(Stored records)
□ □ □ □ □ □ □

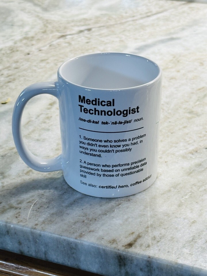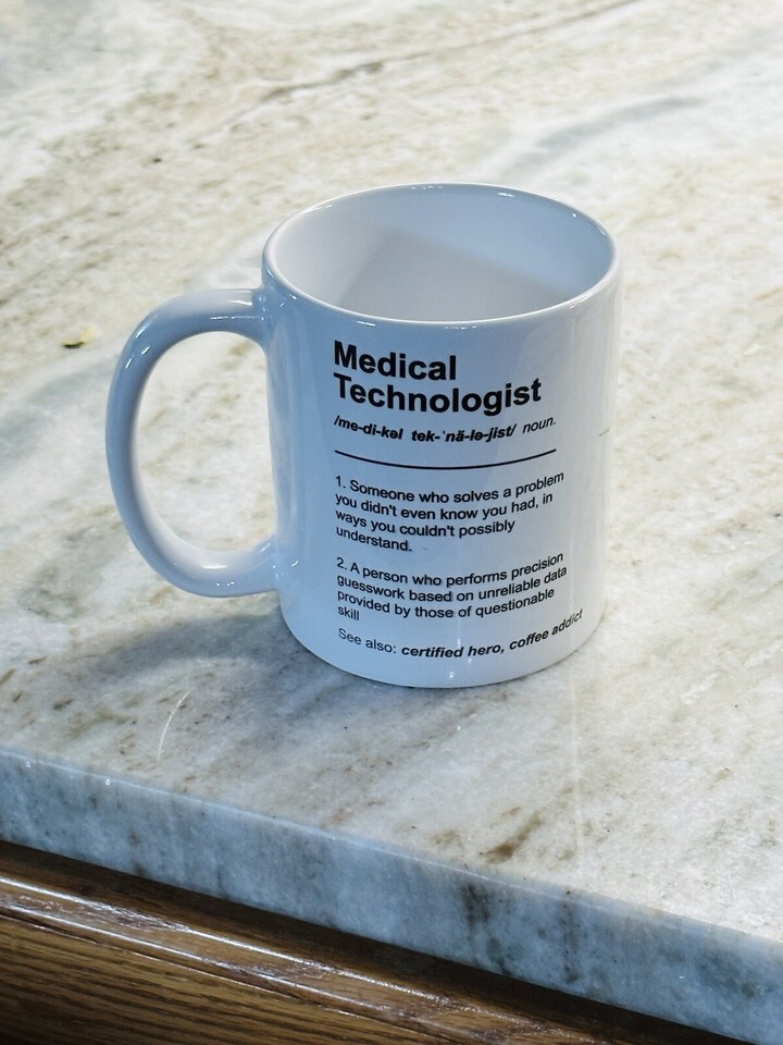 With its high-quality ceramic material, this mug is durable and perfect for everyday use. Its capacity of 11 oz is just the right size for your morning cup of joe or afternoon tea. So whether you're a medical technologist yourself or know someone who is, this mug is a must-have addition to any collection. ShipN24Hours. Inventory Location MW771
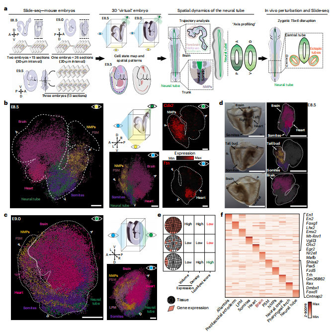 取樣策略:小鼠E8.5期胚胎:2個胚胎,15張10 μm切片,間隔30 μm;小鼠E9.0期胚胎:1個胚胎,26張10 μm切片,間隔20 μm;小鼠E9.5期胚胎:3個胚胎,13張10 μm切片在本研究中,研究人員使用Slide-seq技術構建了完整胚胎E8.5和E9.0以及部分E9.5胚胎的空間轉錄組圖譜。為了支持該項研究的應用,研究人員開發(fā)了sc3D——一個重建和探索三維“虛擬胚胎”的工具,它可以定量研究區(qū)域化的基因表達模式。發(fā)育中的神經(jīng)管主胚軸的測量揭示了幾個以前未注釋的基因具有不同的空間模式。文章還描述了Tbx6突變胚胎中出現(xiàn)的“異位”神經(jīng)管的相互沖突的轉錄特性。綜上所述,文章提出了一個用于整個胚胎結構和突變表型時空研究的實驗和計算框架。
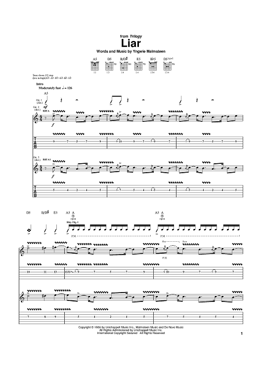 Digital Sheet Music for Liar by Yngwie Malmsteen scored for Guitar Tab; id:373369
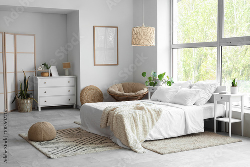 Fototapeta premium Modern interior of light bedroom with chest of drawers, bedside table and bed
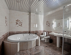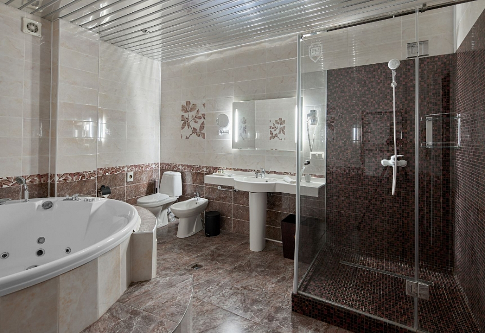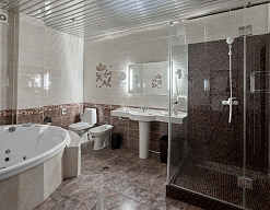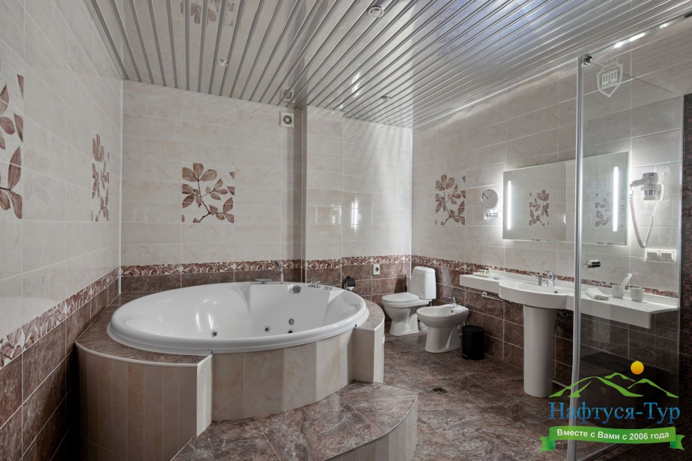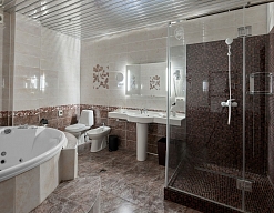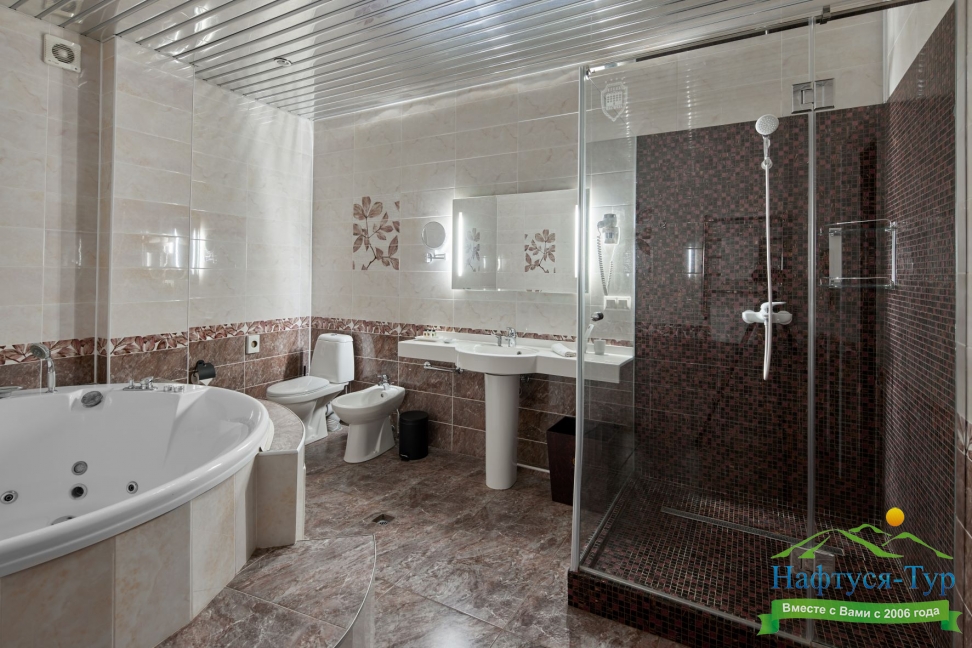 с джакузи, с душевой кабиной, тапочки, туалетные принадлежности, фен, халат

□ □ □ □ □ □ □

▶ [Task directions]: Would you set down the records exactly, with no pictures included?

▶ [Output for this exercise]:
 With its high-quality ceramic material, this mug is durable and perfect for everyday use. Its capacity of 11 oz is just the right size for your morning cup of joe or afternoon tea. So whether you're a medical technologist yourself or know someone who is, this mug is a must-have addition to any collection. ShipN24Hours. Inventory Location MW771
 取樣策略:小鼠E8.5期胚胎:2個胚胎,15張10 μm切片,間隔30 μm;小鼠E9.0期胚胎:1個胚胎,26張10 μm切片,間隔20 μm;小鼠E9.5期胚胎:3個胚胎,13張10 μm切片在本研究中,研究人員使用Slide-seq技術構建了完整胚胎E8.5和E9.0以及部分E9.5胚胎的空間轉錄組圖譜。為了支持該項研究的應用,研究人員開發(fā)了sc3D——一個重建和探索三維“虛擬胚胎”的工具,它可以定量研究區(qū)域化的基因表達模式。發(fā)育中的神經(jīng)管主胚軸的測量揭示了幾個以前未注釋的基因具有不同的空間模式。文章還描述了Tbx6突變胚胎中出現(xiàn)的“異位”神經(jīng)管的相互沖突的轉錄特性。綜上所述,文章提出了一個用于整個胚胎結構和突變表型時空研究的實驗和計算框架。
 Digital Sheet Music for Liar by Yngwie Malmsteen scored for Guitar Tab; id:373369
 Fototapeta premium Modern interior of light bedroom with chest of drawers, bedside table and bed
 с джакузи, с душевой кабиной, тапочки, туалетные принадлежности, фен, халат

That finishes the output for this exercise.